Fitness classes

A healthy lifestyle should not start on Monday, but in the morning. Morning fitness classes will provide you for the whole day, not only with good spirits and good appetite for breakfast, but also with accelerated metabolism , which is the key to rapid weight loss. Admittedly, it is the exercise of fitness at home - this is the only chance for most women to be always in good shape and look great. The only problem is to overcome your laziness.

Well, look for your own vices, and we offer you a motivating enthusiasm for fitness fitness for weight loss since the morning.

Exercises

  1. Inhale, exhale.
  2. We knead the feet in circular motions, hands on the belt.
  3. Feet together, knead knees in circular motions.
  4. Feet apart, circular movements of the hip joint.
  5. Dynamic slopes to the side.
  6. Shoulders spin back and forth.
  7. We knead our neck: bends forward, backward, to the right, to the left.
  8. We perform squats: legs are shoulder-width apart, arms stretched out on the squat, we inhale, we straighten our legs, we return our hands to the hips, we exhale. We do 30 times.
  9. The attacks are forward - the back is straight, legs are bent at right angles, the press is strained, the knee does not protrude from the toe. We perform 35 times.
  10. Lows aside - the leg is set aside, we transfer the weight of the body to it, bend, the second leg is stretched and straightened. We rise on straight legs, we make an attack on the other side. We do 30 times.

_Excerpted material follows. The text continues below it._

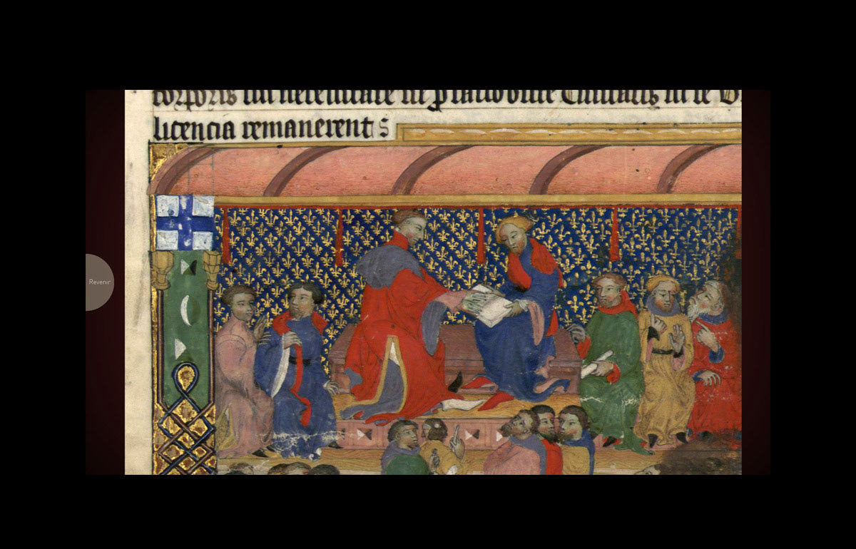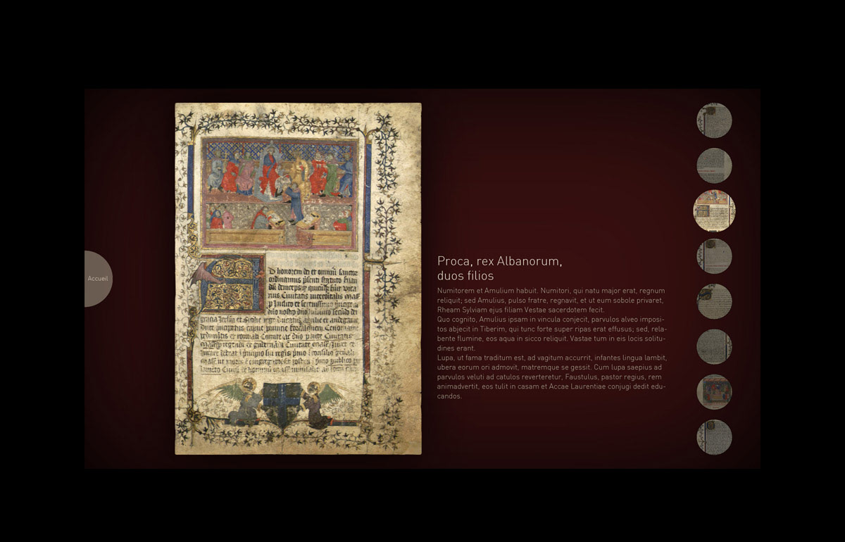 Réalisation de l'interface utilisateur de cette borne permettant de feuilleter ce parchemin enluminé par Jean Dubois en 1253

Exercises for the press - the classic part of fitness at home. Carrying out any lifting of the body, make sure that the press is constantly tense, otherwise you will rise due to the inertia of the movement. Just concentrate on the work of the abdominal muscles.

  1. We lay down on the floor, knees are bent, the waist is pressed to the floor, we rise by the body and stretch straight arms between the knees. We do an exhalation on the rise and a breath on the descent. We do 30 times.
  2. One foot is thrown on the knee of the second leg, hands behind the head in the lock, the lower back is pressed to the floor, we do not bend in the back. Opposite elbow with lifting the body stretch to the knee of the raised leg on exhalation. We perform 20 times and change legs.
  3. IP - lying on the floor, hands along the body, legs tear off the floor and stretch upward on exhalation. On inhaling, bend and relax them, do not lower them to the end. On lifting of legs we tear off a basin. We do 15 times.
  4. Push-ups from the knees - we fall on the inspiration, stand up on the exhale. We do not bend our backs, hands under our shoulders. We pull our back.
  5. Pose of the bar - we stand 1 minute. The body rests on socks and hands. Hands and feet are stretched, the press is strained, the back is straight.
  6. Stretch the back in the pose of the child.